The heads you have are very hard to seal. O rings are the way to go as you can machine a flange into the heads to match the recess in the cylinder which will center the head in the cylinder. The stock arrangement allows for a very sloppy fit and makes accurate squish clearance impossible. With the centering step in the head you can then simply cut a groove for the o ring and you have the best situation possible.
Yamaha changed the gasket design when they made the 400. It is the same as your 250 where the gasket surrounds the head bolts. This is not needed at all for sealing the combustion chamber, but does allow for tightening the bolts without bending the head so much. On your 350, the bolts are outboard of the gasket. When you tighten the bolts, it bends the head over the gasket which causes the head to bow upwards in the center between any two bolts and thereby looses clamping pressure on the gasket. Of course the result is leaking. This gets worse using the early heads which have the inside cooling fin interrupted for the bolts, and much worse when you machine the heads making them thinner. And of course even worse when you improve the chamber and squish increasing the pressure. And of course, more torque make the problem worse, not better! So you can see you have your work cut out for you - very difficult indeed to get these heads to seal.
But with some determination and more than a bit of luck you may see success. Try this. Get a piece of glass and some #400 wet sandpaper and carefully lap the sealing surface of the heads. Probably you will easily see they are bent. Just make them flat removing as little material as possible, but don't leave a trace of a low (high) spot. Anneal the gaskets as a last step before you install them. Copper work hardens very rapidly which will happen with any cutting, filing or bending. Make sure they are perfectly flat before annealing, and don't flatten them out if they curve a bit when you anneal - let the head flatten them when you install them. After annealing, spray them on both sides with copper gasket sealer like permatex copper-coat. Let them dry, and then give them another light spray right before you install them. Torque the head bolts VERY carefully in three stages up to spec (do not exceed 20 lb-ft under any condition!!!! I think the factory spec is 16 lb-ft). Excess clamping pressure will absolutely cause the gasket to leak! Run the engine up to temp and let cool down completely and re-torque. Then take a very easy ride just long enough to bring the engine up to full temperature, let cool completely and re torque. Repeat the ride and cool down and re-torque. If the head bolts do not need additional tightening to achieve the torque value, take the bike for a long easy ride and check again. Once the torque values are maintained you should be good to go, but don't be surprised if the heads start to leak again if you ride like a madman! This tedious regimen has worked well for me on well tuned engines with the stock gasket set up - good luck!
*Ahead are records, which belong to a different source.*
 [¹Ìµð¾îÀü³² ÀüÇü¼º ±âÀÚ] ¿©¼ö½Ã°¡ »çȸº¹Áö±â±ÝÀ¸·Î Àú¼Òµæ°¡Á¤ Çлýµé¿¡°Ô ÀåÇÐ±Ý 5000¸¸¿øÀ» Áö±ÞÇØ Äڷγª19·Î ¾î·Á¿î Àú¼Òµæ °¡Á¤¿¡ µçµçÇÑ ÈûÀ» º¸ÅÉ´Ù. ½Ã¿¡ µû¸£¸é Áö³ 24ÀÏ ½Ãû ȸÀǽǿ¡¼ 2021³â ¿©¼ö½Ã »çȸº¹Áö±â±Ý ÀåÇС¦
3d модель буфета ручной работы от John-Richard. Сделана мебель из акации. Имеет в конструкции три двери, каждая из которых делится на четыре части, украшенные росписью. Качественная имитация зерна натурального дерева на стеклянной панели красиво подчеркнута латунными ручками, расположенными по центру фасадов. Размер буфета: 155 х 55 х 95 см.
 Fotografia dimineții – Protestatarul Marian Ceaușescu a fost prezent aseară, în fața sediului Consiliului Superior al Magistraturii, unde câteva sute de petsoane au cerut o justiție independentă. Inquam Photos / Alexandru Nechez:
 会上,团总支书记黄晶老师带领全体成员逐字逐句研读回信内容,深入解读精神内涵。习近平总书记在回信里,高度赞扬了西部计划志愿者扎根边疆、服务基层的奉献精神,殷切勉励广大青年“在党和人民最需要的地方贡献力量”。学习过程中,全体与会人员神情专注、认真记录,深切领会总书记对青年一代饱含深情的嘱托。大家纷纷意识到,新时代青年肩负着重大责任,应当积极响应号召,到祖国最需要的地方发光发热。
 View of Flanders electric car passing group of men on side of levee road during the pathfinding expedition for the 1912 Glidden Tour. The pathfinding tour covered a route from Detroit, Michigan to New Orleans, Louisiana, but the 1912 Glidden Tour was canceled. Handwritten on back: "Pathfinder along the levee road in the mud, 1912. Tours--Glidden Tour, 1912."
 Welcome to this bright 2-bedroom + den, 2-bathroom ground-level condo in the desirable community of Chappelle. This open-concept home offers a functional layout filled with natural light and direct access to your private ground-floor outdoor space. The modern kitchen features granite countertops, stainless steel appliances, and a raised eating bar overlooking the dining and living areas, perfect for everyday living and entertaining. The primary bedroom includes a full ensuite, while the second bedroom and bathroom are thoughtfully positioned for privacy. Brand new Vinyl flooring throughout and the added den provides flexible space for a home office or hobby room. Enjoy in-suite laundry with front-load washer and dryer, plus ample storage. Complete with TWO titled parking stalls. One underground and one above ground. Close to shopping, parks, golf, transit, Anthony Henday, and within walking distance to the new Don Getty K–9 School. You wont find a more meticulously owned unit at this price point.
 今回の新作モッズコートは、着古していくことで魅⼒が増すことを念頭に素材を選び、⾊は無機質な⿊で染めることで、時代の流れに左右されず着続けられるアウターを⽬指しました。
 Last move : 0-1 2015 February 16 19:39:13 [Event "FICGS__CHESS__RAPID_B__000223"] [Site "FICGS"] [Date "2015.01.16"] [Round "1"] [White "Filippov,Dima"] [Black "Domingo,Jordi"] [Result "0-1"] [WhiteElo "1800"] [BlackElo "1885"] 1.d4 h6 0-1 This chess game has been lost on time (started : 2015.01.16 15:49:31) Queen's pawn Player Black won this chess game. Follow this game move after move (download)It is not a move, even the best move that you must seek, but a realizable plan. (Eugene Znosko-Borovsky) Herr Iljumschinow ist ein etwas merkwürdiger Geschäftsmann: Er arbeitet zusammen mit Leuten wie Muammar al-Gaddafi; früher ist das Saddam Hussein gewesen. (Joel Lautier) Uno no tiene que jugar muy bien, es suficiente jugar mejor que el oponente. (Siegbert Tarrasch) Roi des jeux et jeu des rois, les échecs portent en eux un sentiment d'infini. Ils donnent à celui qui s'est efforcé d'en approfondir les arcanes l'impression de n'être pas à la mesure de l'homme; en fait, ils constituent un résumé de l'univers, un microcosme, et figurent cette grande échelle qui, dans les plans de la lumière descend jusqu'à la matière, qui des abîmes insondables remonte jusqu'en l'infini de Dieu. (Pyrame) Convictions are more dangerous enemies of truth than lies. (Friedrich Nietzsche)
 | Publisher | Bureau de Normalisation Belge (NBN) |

Yamaha changed the gasket design when they made the 400. It is the same as your 250 where the gasket surrounds the head bolts. This is not needed at all for sealing the combustion chamber, but does allow for tightening the bolts without bending the head so much. On your 350, the bolts are outboard of the gasket. When you tighten the bolts, it bends the head over the gasket which causes the head to bow upwards in the center between any two bolts and thereby looses clamping pressure on the gasket. Of course the result is leaking. This gets worse using the early heads which have the inside cooling fin interrupted for the bolts, and much worse when you machine the heads making them thinner. And of course even worse when you improve the chamber and squish increasing the pressure. And of course, more torque make the problem worse, not better! So you can see you have your work cut out for you - very difficult indeed to get these heads to seal.
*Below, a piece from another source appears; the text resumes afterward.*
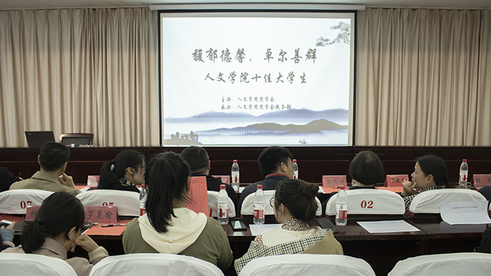 评选会共有30位优秀候选人角逐“十佳大学生”荣誉称号。候选人依次登台演讲,通过幻灯片从学习、工作、生活展示他们丰富的大学生活。选手中不乏幽默风趣、慷慨激昂、热情大方的同学,亦有朴素踏实、勤恳大方、表现得体的同学,他们在不同层面展示了自己的优秀实力,选手的表现赢得了全场观众的阵阵掌声。
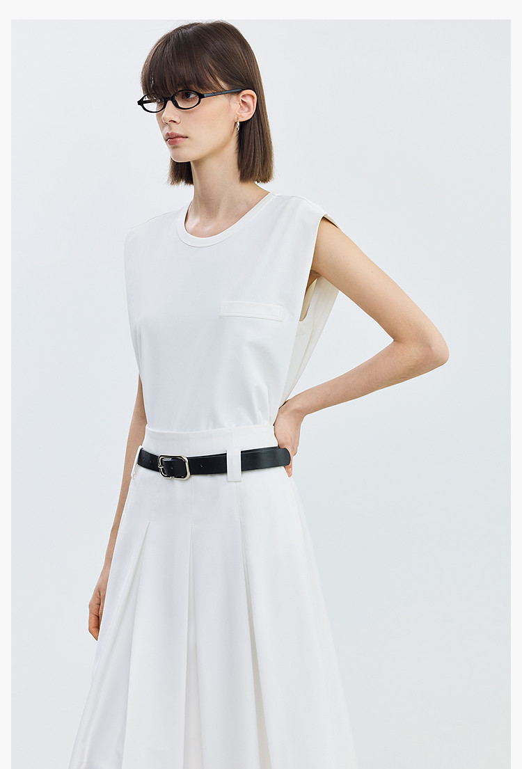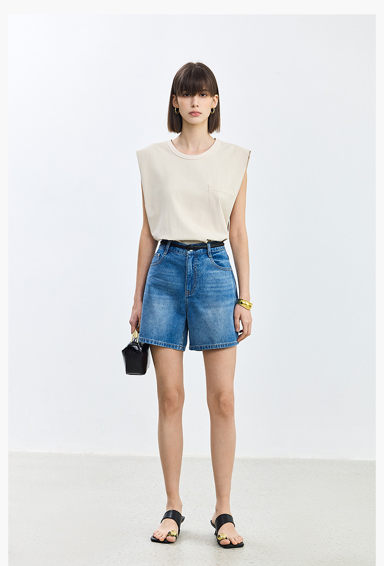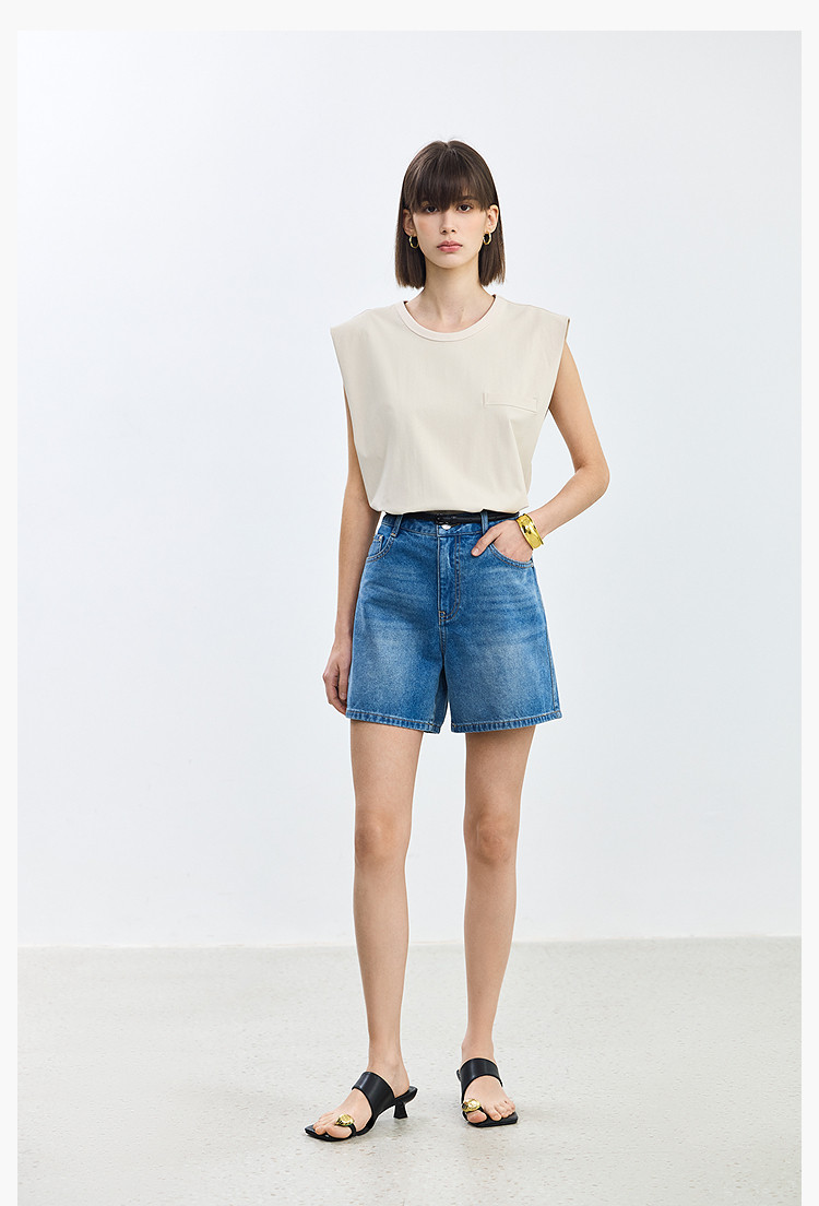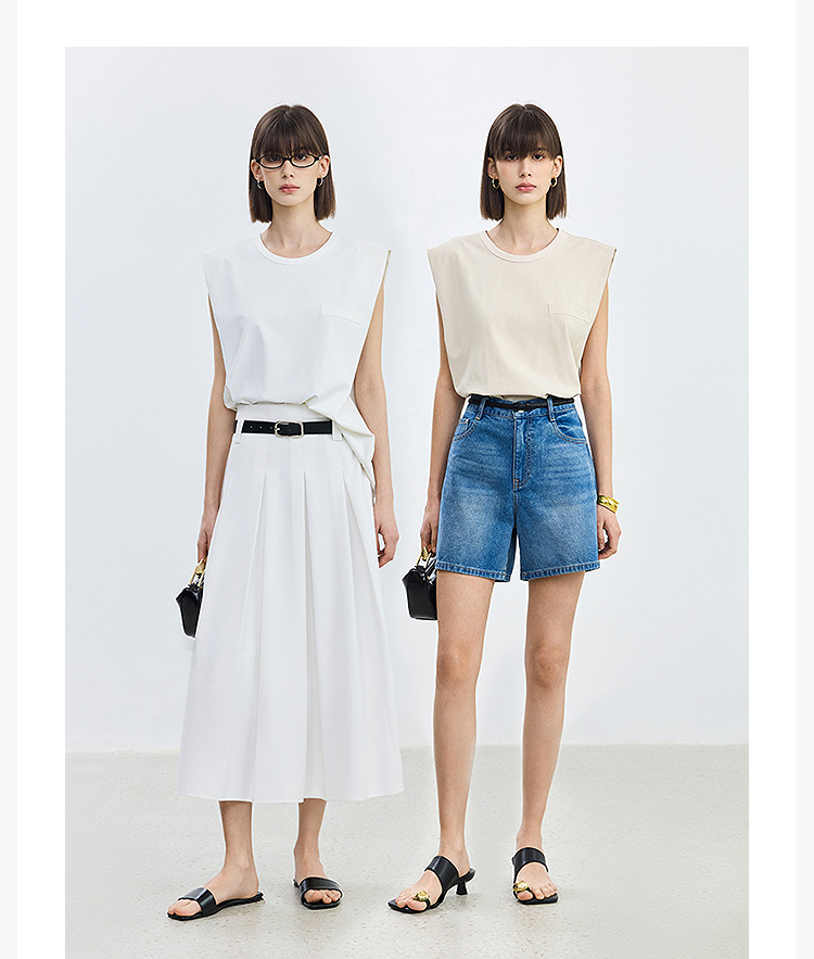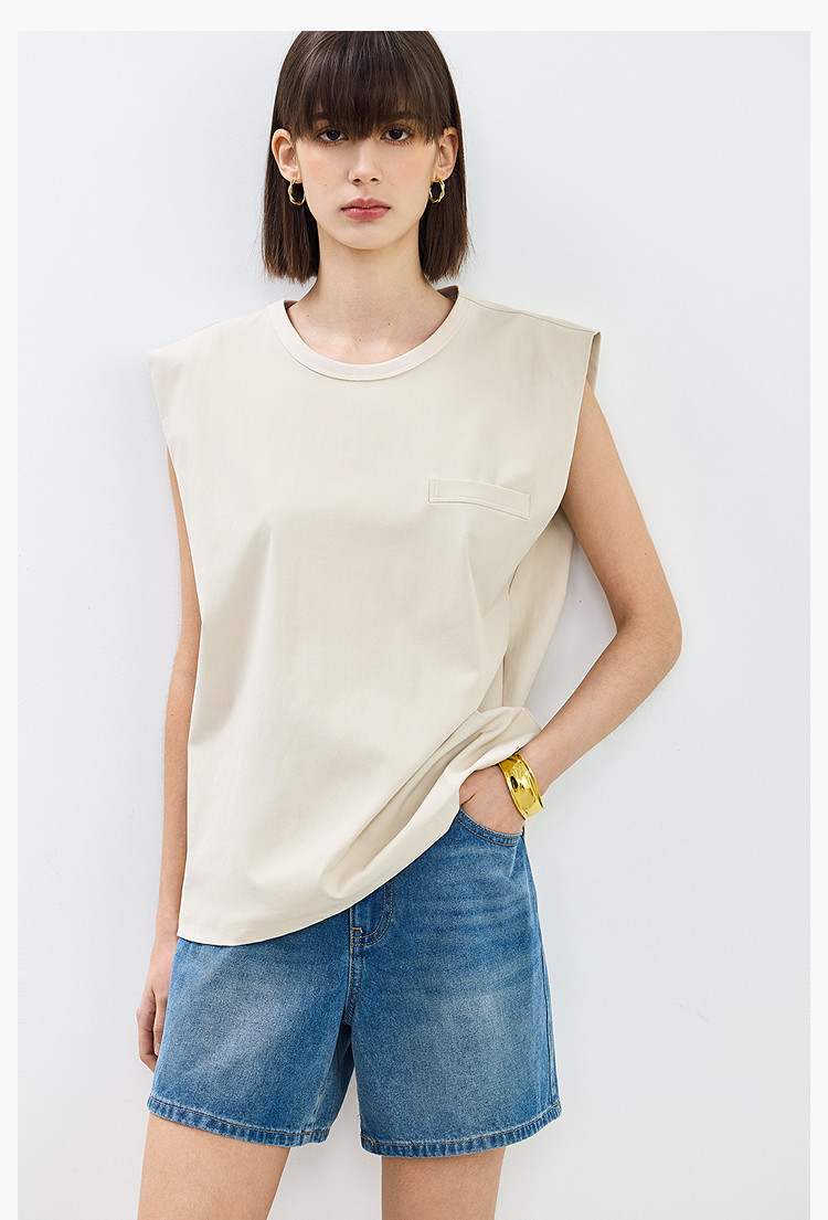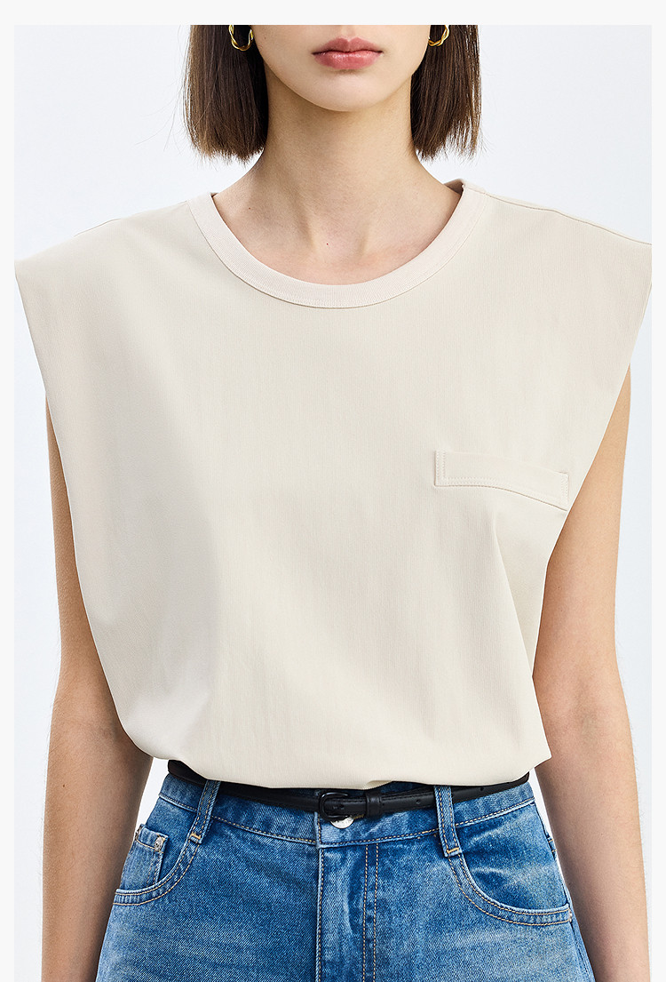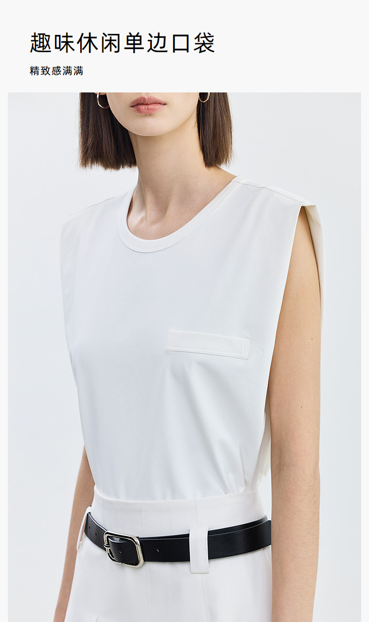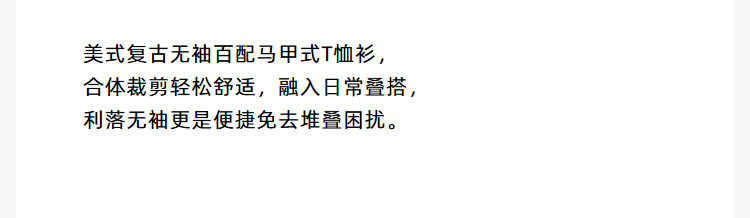 商品名称:夏季美式复古休闲通勤款时尚百搭无袖T恤打底衫女 008539

But with some determination and more than a bit of luck you may see success. Try this. Get a piece of glass and some #400 wet sandpaper and carefully lap the sealing surface of the heads. Probably you will easily see they are bent. Just make them flat removing as little material as possible, but don't leave a trace of a low (high) spot. Anneal the gaskets as a last step before you install them. Copper work hardens very rapidly which will happen with any cutting, filing or bending. Make sure they are perfectly flat before annealing, and don't flatten them out if they curve a bit when you anneal - let the head flatten them when you install them. After annealing, spray them on both sides with copper gasket sealer like permatex copper-coat. Let them dry, and then give them another light spray right before you install them. Torque the head bolts VERY carefully in three stages up to spec (do not exceed 20 lb-ft under any condition!!!! I think the factory spec is 16 lb-ft). Excess clamping pressure will absolutely cause the gasket to leak! Run the engine up to temp and let cool down completely and re-torque. Then take a very easy ride just long enough to bring the engine up to full temperature, let cool completely and re torque. Repeat the ride and cool down and re-torque. If the head bolts do not need additional tightening to achieve the torque value, take the bike for a long easy ride and check again. Once the torque values are maintained you should be good to go, but don't be surprised if the heads start to leak again if you ride like a madman! This tedious regimen has worked well for me on well tuned engines with the stock gasket set up - good luck!